オーロラに誘われるように小窪さんや他のツアー参加者と歩くうちにホテルの近くでは一番の
観測ポイントである教会横(朝、散歩できた教会)のカウニスパーの丘への道まで来る。22:00
を過ぎると教会のライトアップも消えるのでもっと条件はよくなるとのことだが、今日は半月に近
い月も出ている。それでもしっかり見えるぐらい明るいオーロラがあちこちに見られた。小窪さ
んは北欧を中心に添乗しているようだが、その小窪さんをしてこんなに長い時間出続けるのは
滅多にないとのこと。
 息をつく間もないほど途切れずに出現したオーロラだが、そのうち丘の上にカーテン状の壮
大なオーロラが出現。しかも形が変わっていくのがはっきりと見える。あまりにすごすぎて本物
を見てるとは思えないぐらい。
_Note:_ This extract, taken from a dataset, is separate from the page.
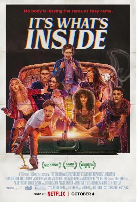 一名疏遠已久的朋友帶著一個神秘的手提箱出現,裏面裝著一個可以誘導身體交換的神秘裝置,讓這次婚前派對變成了一場存在主義的噩夢。在誘惑之下,這群人參與了一場扭曲的遊戲,發現了隱藏的真相,喚醒了被壓抑的欲望和根深蒂固的怨恨。隨著謊言和令人震驚的揭露席卷他們的生活,《開箱靈魂》通過腦洞大開的劇情層層剝開謎團。格雷格·雅丹的處女作曾在聖丹斯和西南偏南電影節上收獲好評如潮,融合了驚悚、黑色喜劇和科幻元素,敘事發人深省,風格獨具,讓觀眾大膽質疑:我們真的了解自己嗎?

オーロラには不吉な伝説が多いと聞くが、今日に限っては結婚し
たての私たちを祝福しているように思えてならない。そうでなければ何もサーリセルカを去る前
の夜に出てくることもない。
 参加者の中にはオーロラ撮影のために一眼レフカメラと三脚を持ち込んでいる人もいたが、
私は荷物の多さを考えて持ってこなかった。そのためせっかくのオーロラも写真に納めること
はできなかった。しかしこの夜のことは一生忘れることはないだろう。
 結局部屋に戻ったのは22時を優に回っていた。オーロラ観測には暖かいところに時々入らな
いと体が持たないとバスの中では言われていたが気がついたら1時間近く屋外に出っぱなしだ
った訳で、それだけ不思議な光に魅せられていた。部屋には帰ったがまだまだオーロラは出
現しそうな雰囲気で、こんな長い時間出続けること自体奇跡である。部屋の中から見えないか
照明を完全に消して粘ってみたが、やはり方角を限定されると難しいようで、部屋からは見え
なかった。それでも十分満足である。

  (妻の独り言) 感激でした。すでに見ることができないものとあきらめていましたので、目の
           前に揺れる光のカーテンを見ている自分が夢の中にいるような気持ちでし 
           た。
           オーロラを見ることができたのももちろん感激でしたが、添乗員の小窪さん
           が「新婚旅行でオーロラを見られるなんて、本当にラッキーですよ」と興奮気
           味に話してくれたのも、印象的でした。
           興奮が修まり、冷静になるとパジャマの上に防寒の上着を着ただけの軽装
           冷気が目を刺激して涙目になってその涙が凍っていることに気がつきまし 
           た。「良かったね」「良かったね」と行った後には誰よりも早くダッシュで帰っ 
           てきました。

  (旦那の補足) 写真がなくてすいません(^^;)。